(Source data)
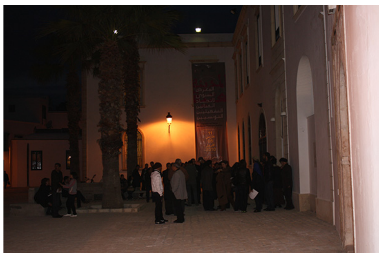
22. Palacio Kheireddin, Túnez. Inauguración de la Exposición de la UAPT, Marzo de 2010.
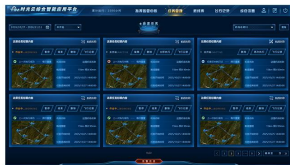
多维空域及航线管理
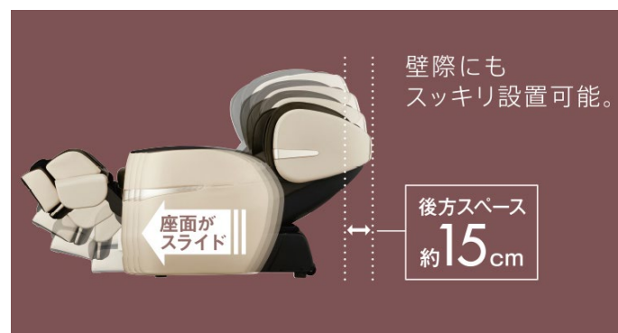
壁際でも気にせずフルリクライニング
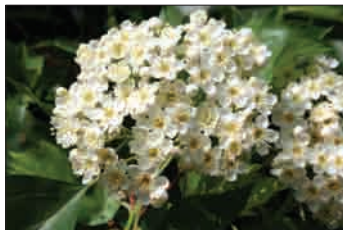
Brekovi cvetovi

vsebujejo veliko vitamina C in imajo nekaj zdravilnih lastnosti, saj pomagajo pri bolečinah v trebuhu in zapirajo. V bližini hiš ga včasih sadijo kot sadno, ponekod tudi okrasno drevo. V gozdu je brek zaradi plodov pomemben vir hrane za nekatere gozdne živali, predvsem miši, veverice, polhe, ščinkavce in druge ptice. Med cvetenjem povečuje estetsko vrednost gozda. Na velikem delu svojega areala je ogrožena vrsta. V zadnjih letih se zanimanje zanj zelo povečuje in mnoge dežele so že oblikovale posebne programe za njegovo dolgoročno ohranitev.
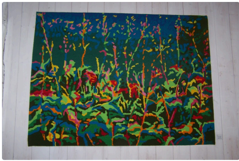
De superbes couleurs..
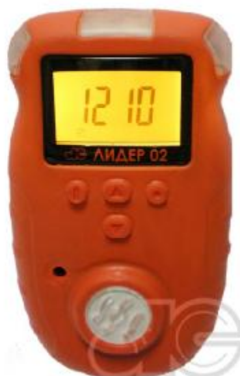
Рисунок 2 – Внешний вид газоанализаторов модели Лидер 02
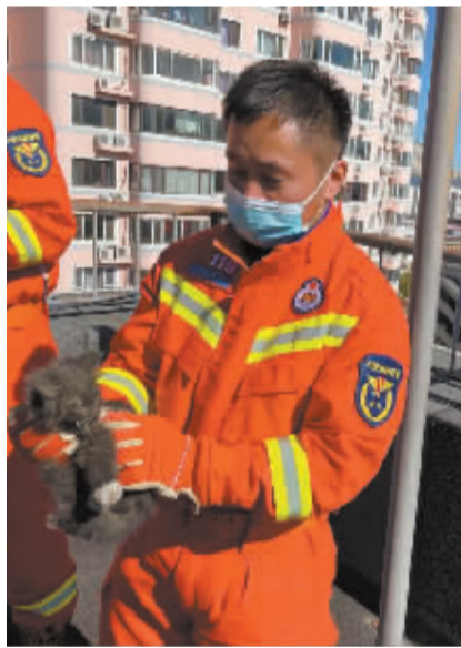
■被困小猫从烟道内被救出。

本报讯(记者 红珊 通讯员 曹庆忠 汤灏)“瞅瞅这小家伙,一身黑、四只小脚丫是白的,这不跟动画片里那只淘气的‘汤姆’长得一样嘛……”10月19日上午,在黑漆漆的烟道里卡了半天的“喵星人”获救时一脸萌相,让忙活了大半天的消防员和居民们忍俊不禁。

WHAT YOU HAVE TO DO » When an image appears in the data, skip it and output the rest exactly.

EXERCISE RESULT »
22. Palacio Kheireddin, Túnez. Inauguración de la Exposición de la UAPT, Marzo de 2010.
多维空域及航线管理
壁際でも気にせずフルリクライニング
Brekovi cvetovi

vsebujejo veliko vitamina C in imajo nekaj zdravilnih lastnosti, saj pomagajo pri bolečinah v trebuhu in zapirajo. V bližini hiš ga včasih sadijo kot sadno, ponekod tudi okrasno drevo. V gozdu je brek zaradi plodov pomemben vir hrane za nekatere gozdne živali, predvsem miši, veverice, polhe, ščinkavce in druge ptice. Med cvetenjem povečuje estetsko vrednost gozda. Na velikem delu svojega areala je ogrožena vrsta. V zadnjih letih se zanimanje zanj zelo povečuje in mnoge dežele so že oblikovale posebne programe za njegovo dolgoročno ohranitev.
De superbes couleurs..
Рисунок 2 – Внешний вид газоанализаторов модели Лидер 02
■被困小猫从烟道内被救出。

本报讯(记者 红珊 通讯员 曹庆忠 汤灏)“瞅瞅这小家伙,一身黑、四只小脚丫是白的,这不跟动画片里那只淘气的‘汤姆’长得一样嘛……”10月19日上午,在黑漆漆的烟道里卡了半天的“喵星人”获救时一脸萌相,让忙活了大半天的消防员和居民们忍俊不禁。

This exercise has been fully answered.